- [Information supplied]
★ ★ ★
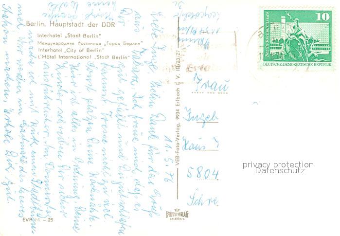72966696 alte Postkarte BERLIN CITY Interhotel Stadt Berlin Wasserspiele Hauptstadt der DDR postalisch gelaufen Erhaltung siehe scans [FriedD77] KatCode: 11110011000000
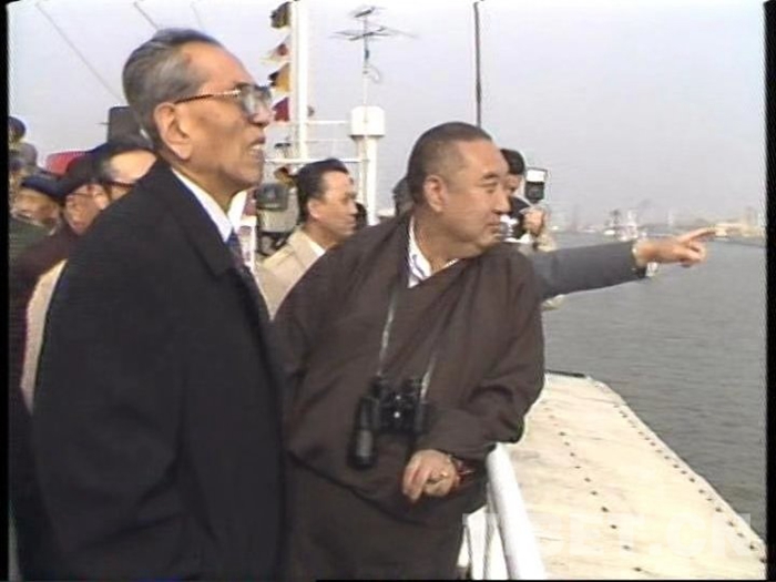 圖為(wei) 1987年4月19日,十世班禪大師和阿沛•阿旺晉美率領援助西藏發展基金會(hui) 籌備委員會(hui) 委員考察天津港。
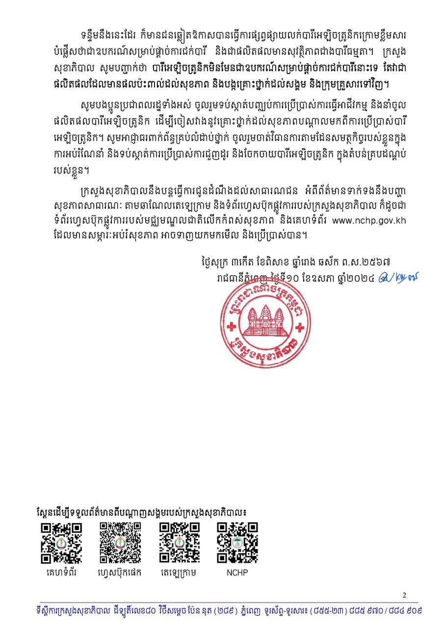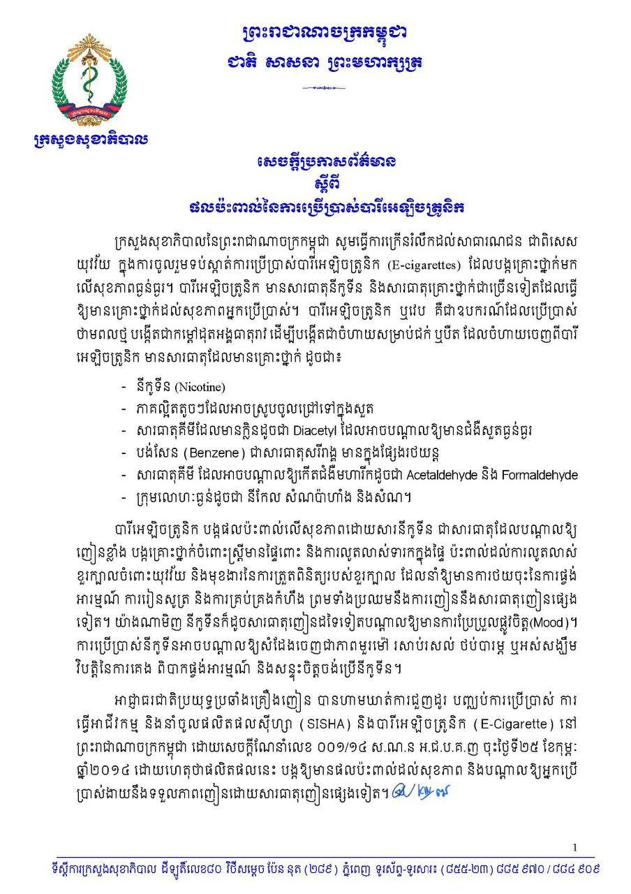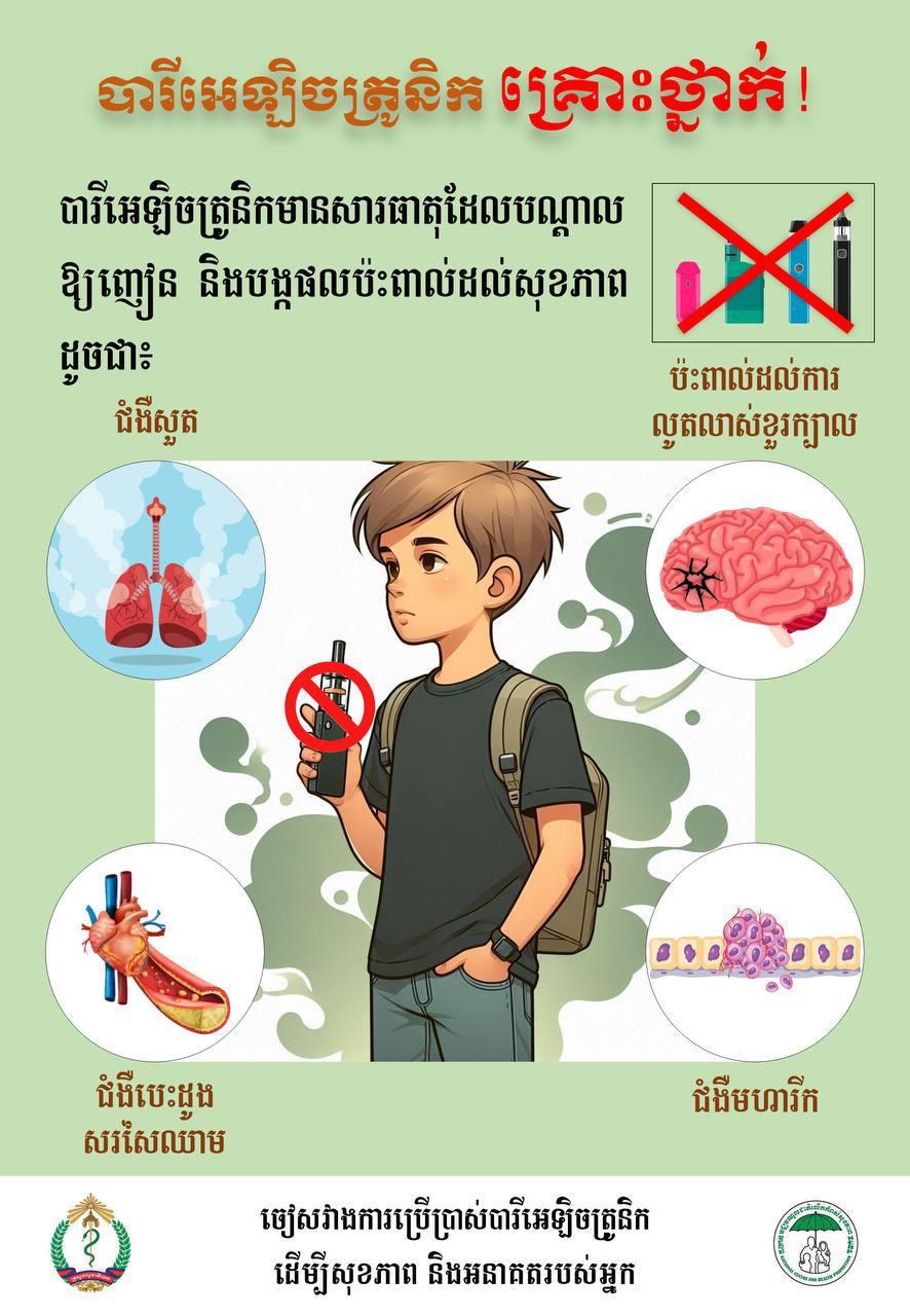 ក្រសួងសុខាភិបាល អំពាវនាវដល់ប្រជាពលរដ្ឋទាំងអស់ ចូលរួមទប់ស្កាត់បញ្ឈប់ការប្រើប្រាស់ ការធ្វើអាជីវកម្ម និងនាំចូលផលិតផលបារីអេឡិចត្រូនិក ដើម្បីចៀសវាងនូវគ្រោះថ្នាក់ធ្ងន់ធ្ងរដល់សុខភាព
★ ★ ★
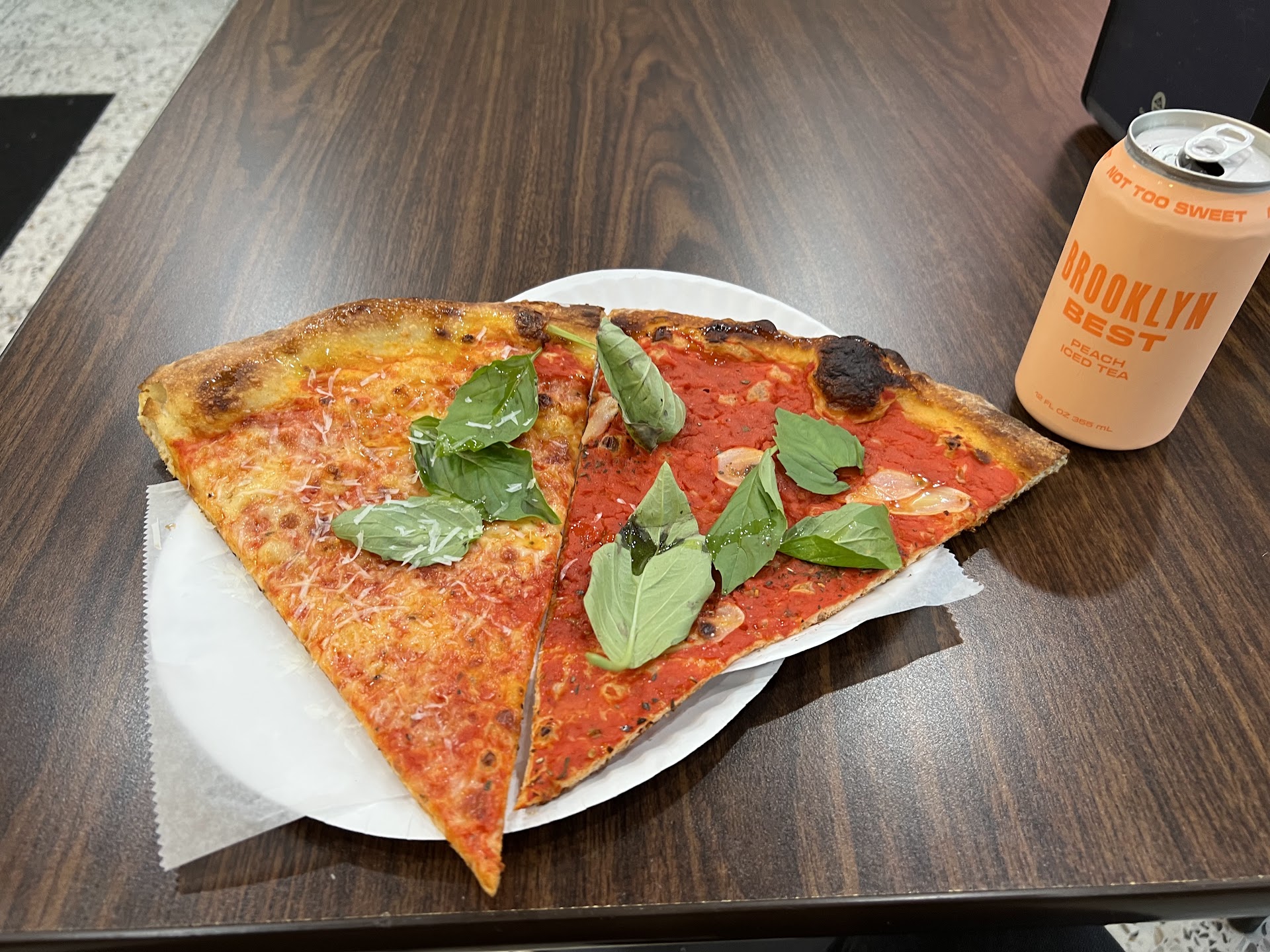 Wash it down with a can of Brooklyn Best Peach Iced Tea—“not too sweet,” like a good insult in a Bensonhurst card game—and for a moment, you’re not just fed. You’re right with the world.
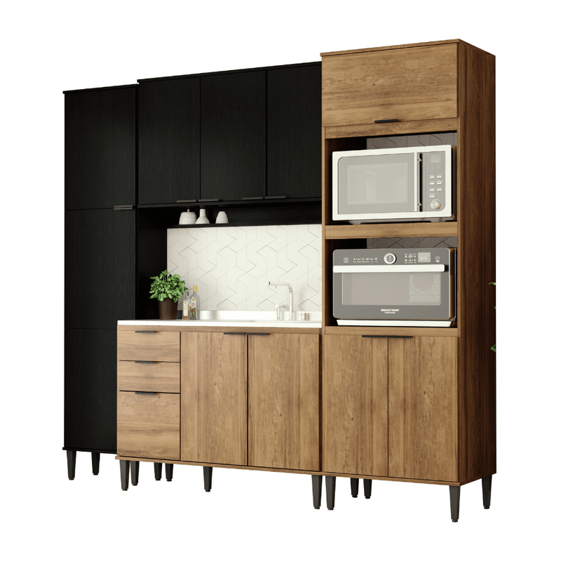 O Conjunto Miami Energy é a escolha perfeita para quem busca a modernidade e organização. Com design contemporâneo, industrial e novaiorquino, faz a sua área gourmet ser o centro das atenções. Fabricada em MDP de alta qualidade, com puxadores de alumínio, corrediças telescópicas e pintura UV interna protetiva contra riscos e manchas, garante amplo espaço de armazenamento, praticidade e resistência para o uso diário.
★ ★ ★
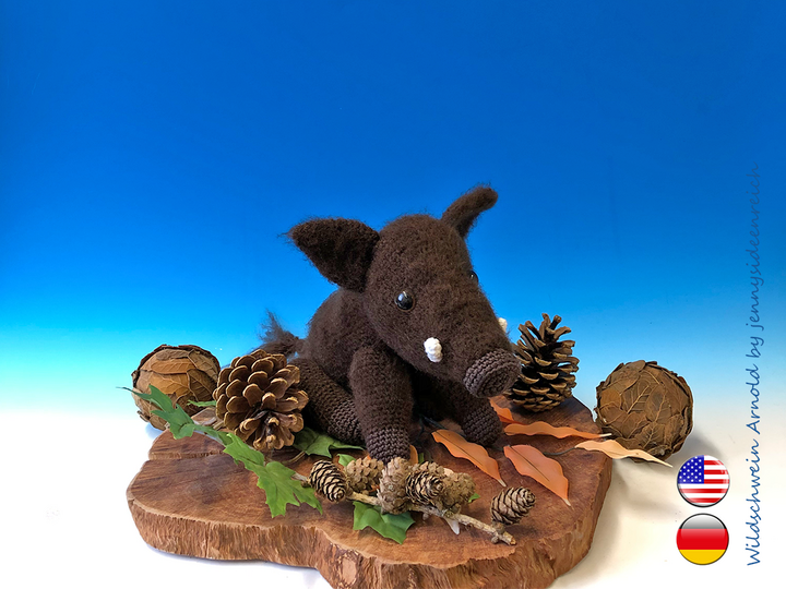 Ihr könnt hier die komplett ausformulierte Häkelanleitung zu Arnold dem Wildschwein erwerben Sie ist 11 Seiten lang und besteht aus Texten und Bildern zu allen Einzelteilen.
★ ★ ★
Once the line with "72966696 alte Postkarte" has been found above, output that line and every later line exactly, stopping after the line with "圖為(wei) 1987年4月19日,十世班禪大師和阿沛•阿旺晉美率領援助西藏發展基金會(hui) 籌備委員會(hui)", and omit the pictures.

72966696 alte Postkarte BERLIN CITY Interhotel Stadt Berlin Wasserspiele Hauptstadt der DDR postalisch gelaufen Erhaltung siehe scans [FriedD77] KatCode: 11110011000000
 圖為(wei) 1987年4月19日,十世班禪大師和阿沛•阿旺晉美率領援助西藏發展基金會(hui) 籌備委員會(hui) 委員考察天津港。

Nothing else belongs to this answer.